Nog nooit heb ik zo
vaak het Franse volkslied horen zingen en spelen als in de afgelopen weken. De
droevige aanleiding is maar al te bekend. Zo’n volkslied is een bindmiddel, een
expressiemogelijkheid, een uitlaatklep, en als zodanig kan het goede diensten bewijzen in benarde
tijden. Maar ik moet toch ook geregeld terugdenken aan de reserves die de Franse
filosoof Michel Serres ten aanzien van de Marseillaise formuleert. Hij schrijft dat hij niet graag meezingt over woeste soldaten die brullend en
dreigend optrekken om je vrouwen en kinderen te kelen.

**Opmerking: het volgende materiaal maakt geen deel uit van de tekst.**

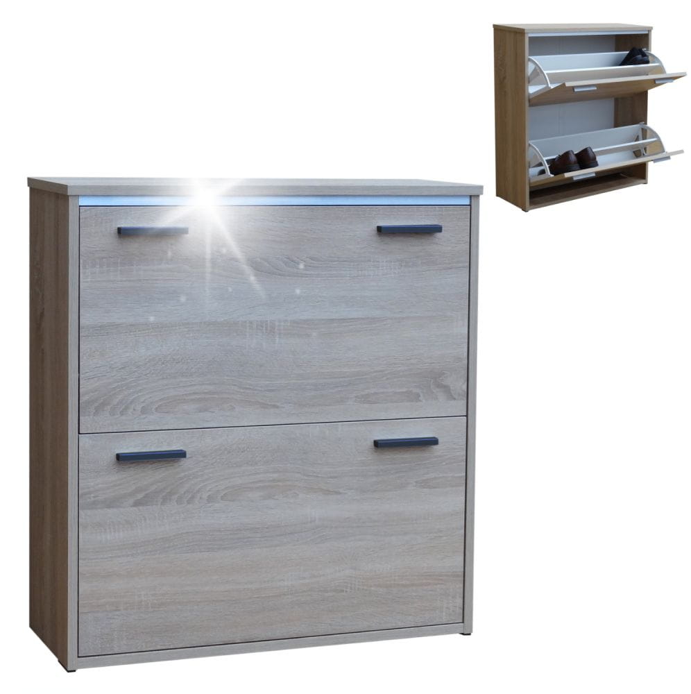 Model dostępny jest w dwóch wariantach wykończenia. Dzięki temu szafka na buty 82 cm może zostać dopasowana do stylu wnętrza oraz indywidualnych preferencji użytkownika.
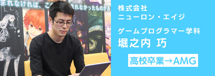 株式会社ニューロン・エイジに、在校生が内定をいただきました!内定者であるゲームプログラマー学科・堀之内 巧くんに、AMGでの思い出や就職が決まるまでの道のりをお聞きしました。

Hij zal de enige niet zijn met zulke reserves, maar dit fragment van hem uit
Récits d’humanisme staat me op dit moment het
helderst voor de geest.
We hebben er afgelopen augustus in Utrecht flink op
gezwoegd tijdens de zomercursus over het vertalen van filosofische teksten. De
bejaarde Serres vraagt zich in dat fragment af of het wel juist is om de
jongere generaties te verwijten dat ze zo individualistisch zijn. Want is er nog wel
een groep waar we bij zouden willen horen? Serres’ eigen oorlogsherinneringen
zijn te wrang om hem in de richting van het vaderland, van welk vaderland dan
ook te drijven. Veeleer voelt hij zich Gascogner, of anders wereldburger. En
die bloeddorstige tekst van de Marseillaise kunnen we maar beter vergeten,
vindt hij. Het kan toch niet de bedoeling zijn dat kinderen zingen over het onzuivere bloed van vreemde soldaten dat onze akkers moet gaan doordrenken?
Serres
is een optimist, die niet van xenofobie kan worden beticht. Van hem mogen
vreemdelingen aan zijn tafel plaatsnemen, om samen te lachen en te eten. Van
hem mogen ze flirten met zijn dochters. `Niets is erger dan alleen maar houden
van eigen,’ zoals een van de Utrechtse studenten een lastige zin uit het bedoelde
fragment vertaalde.
Dan zingt de tekst van ons eigen Wilhelmus een stuk makkelijker
dan die Franse oproep tot geweld. Het Wilhelmus is een lied van vroomheid en
vrijheidsdrang, waarin weliswaar oorlog woedt maar dan abstracter en minder
agressief: Oorlog, mijn arme schapen die
zijt in groten nood, uw herder zal niet slapen, al zijt gij nu verstrooid. Meestal
zingen we trouwens niet meer dan het eerste couplet, dat overloopt van deemoed en zelfrechtvaardiging. De rest kent vrijwel niemand meer.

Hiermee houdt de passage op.